Two Saudi Passengers Aboard April 8 KLM Flight Had Attended the Same Arizona Flight School as a 9/11 hijacker; Mexico City-Bound Flight Returned to Amsterdam
Some U.S. Counterterrorism Officials Fear Latin America May Become Staging Ground for Al Qaeda
NEW YORK On April 8, KLM Flight 685 took off from Amsterdam, scheduled to pass through U.S. airspace after making a long swing over Canada on its way to Mexico City. By the time the Boeing 747 had finished its three-hour crossing of the Atlantic, U.S. Department of Homeland Security screeners were on high alert. The names of two Saudi passengers aboard the flight had begun producing "hits" on the screening centers list of 70,000 suspect foreigners. According to an FBI database of terror suspects known as TIPOFF, the two Saudis were brothers and pilots who had attended the same Arizona flight school as 9/11 hijacker Hani Hanjour, Investigative Correspondent Mark Hosenball and Senior Editor Michael Hirsh report in the April 25 issue of Newsweek (on newsstands Monday, April 18).
Soon the multiplicity of U.S. terror databases started pumping out similar hits. Fearing that Flight 685 might be a 9/11-style plot in the making, U.S. authorities refused the plane overflight rights, and Canada rejected a request to land. Much to the chagrin of its 278 passengers, the KLM jet returned to Amsterdam. Hosenball and Hirsh write that Washingtons concern about the flight seems legitimate. In the last year, U.S. counterterrorism officials have cited intelligence indicating that Al Qaeda might be planning to use foreign-based airliners to launch attacks against the U.S. homeland. One U.S. counterterrorism official told Newsweek that the two passengers were "bad dudes." And a European intelligence official said the two have "extensive but secondary links" to Al Qaeda.
At least one of the two Saudis had previously been deported from the United States, according to Homeland Security sources. A former neighbor in Arizona, who asked to remain anonymous, recalled that federal officials in full body armor rushed the Saudis empty house several weeks after 9/11 and later arrested him. During FBI questioning, a law-enforcement official told Newsweek, the Saudi acknowledged knowing Hani Hanjour. Upon further questioning, he also conceded that he had known another of the 9/11 hijackers.
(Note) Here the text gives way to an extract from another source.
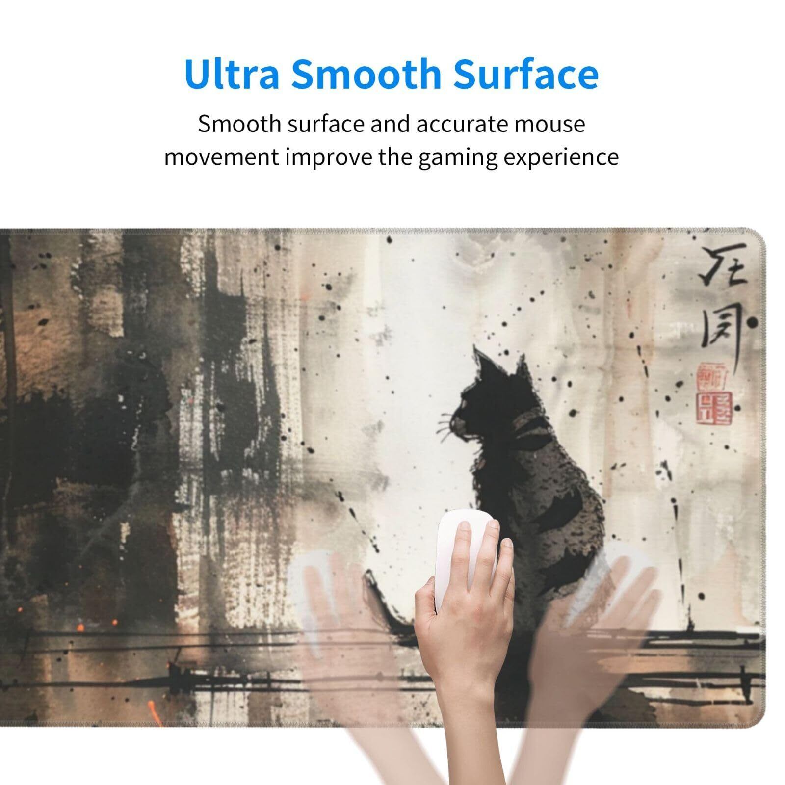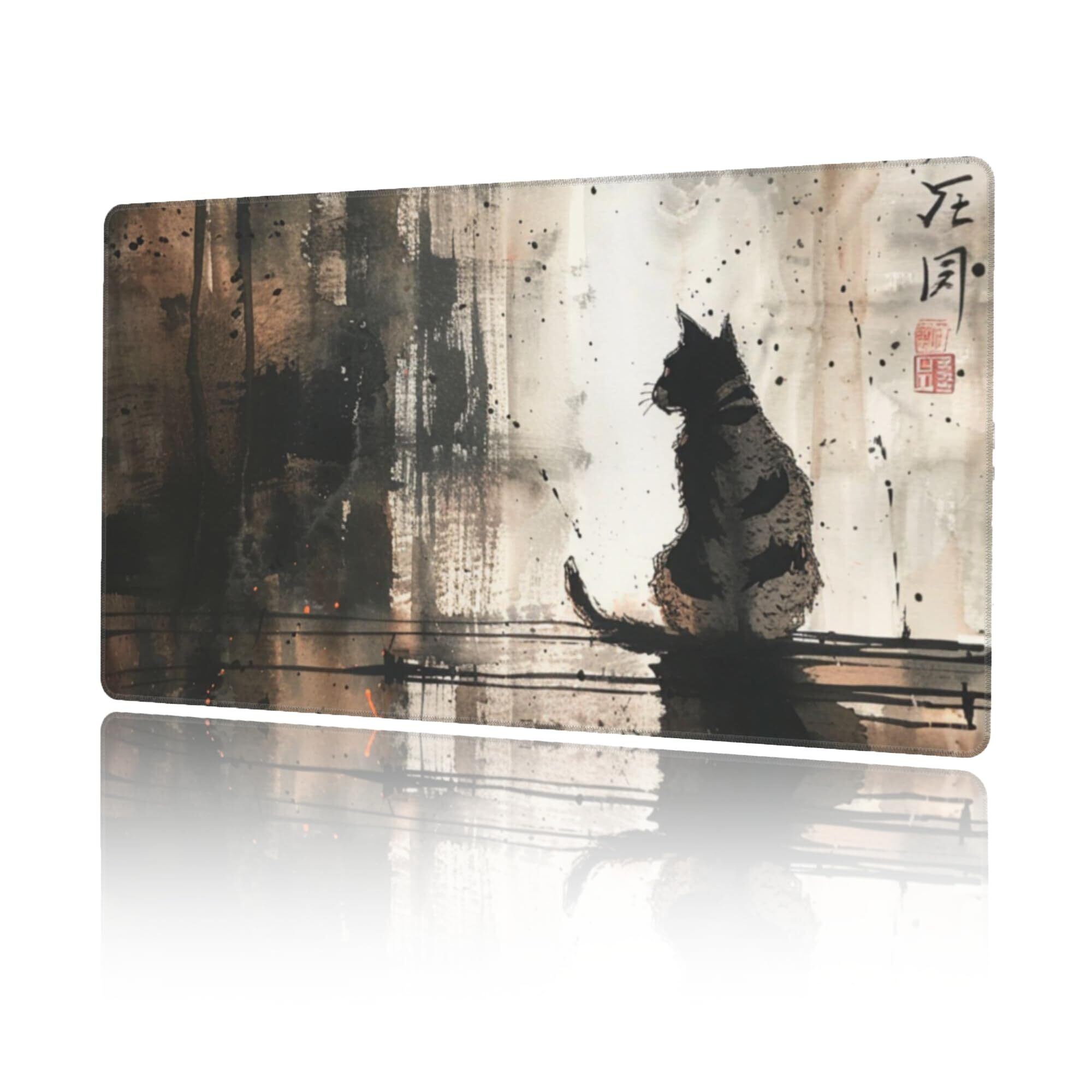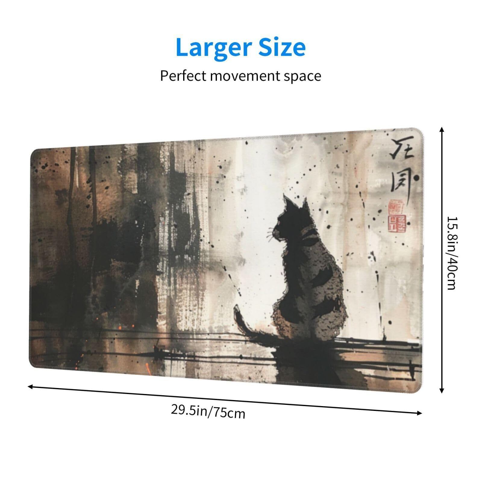 マウスパッド 大型 ゲーミング 水墨 猫 黒 灰色 マウスマット デスクマット 特大 おおきい キーボードパッド ゴム底 光学式 マウス対応 滑り止め 耐久性 良い おしゃれ かわいい 防水 サイバーカフェ オフィス最適 適度な表面摩擦 40cm X 75cm

Even so, by the end of last week, the reasons the Saudi brothers gave for their trip to Mexico appeared to be holding up, U.S. investigators conceded. The men told authorities they were visiting their ill father, a retired Saudi diplomat who is living in Mexico. A Saudi official in Riyadh later told Newsweek that the father was a former "administrative employee" of the Saudi foreign ministry, but that he has not worked for the government for 10 years and has a Mexican wife. One counterterrorism official said authorities were aware of the family and had been watching the brothers for some time, adding, "I just dont think this was a plot along the lines of 9/11." Much as some intelligence officials insist that the Saudis have Qaeda links, no Western agency made a move to arrest them. (Because of the ambiguous nature of the case, Newsweek has decided not to publish their names.)
The fact that Europeans still tend to see counterterrorism as a law- enforcement problem partially explains why Dutch and other European authorities, lacking direct proof of a crime or plot, decided not to detain the two Saudis, report Hosenball and Hirsh. Yet even the Europeans arent completely on the same page. Officials with Dutch and U.S. intelligence say that after the two men arrived back in Amsterdam, they flew to London, where they were refused entry. Then they flew back to the Netherlands, where they were under surveillance before returning on their own to Saudi Arabia. British officials were later peeved that Dutch authorities failed to communicate to them the full tale of KLM 685. A Saudi official later told Newsweek the two men had been detained for questioning. Some counterterrorism officials say that if the two Saudis were indeed part of a Qaeda operation, it is no surprise their destination was Mexico City. U.S. officials fear that Latin America, and more particularly Mexico with its porous U.S. border may become a staging ground for Al Qaeda, report Hosenball and Hirsh.
What will it take to take our politicians to "get real" about this? A nuke in their neighborhood staged in Mexico just might be the incentive to wake them up, but it might be too late by the time they "get it together, Al Qaeda might blow us up and use those same porous borders to slip back." The Minutemen are heros in my book and IMHO deserve great credit for doing a job well done and highly supported by a majority of the American public.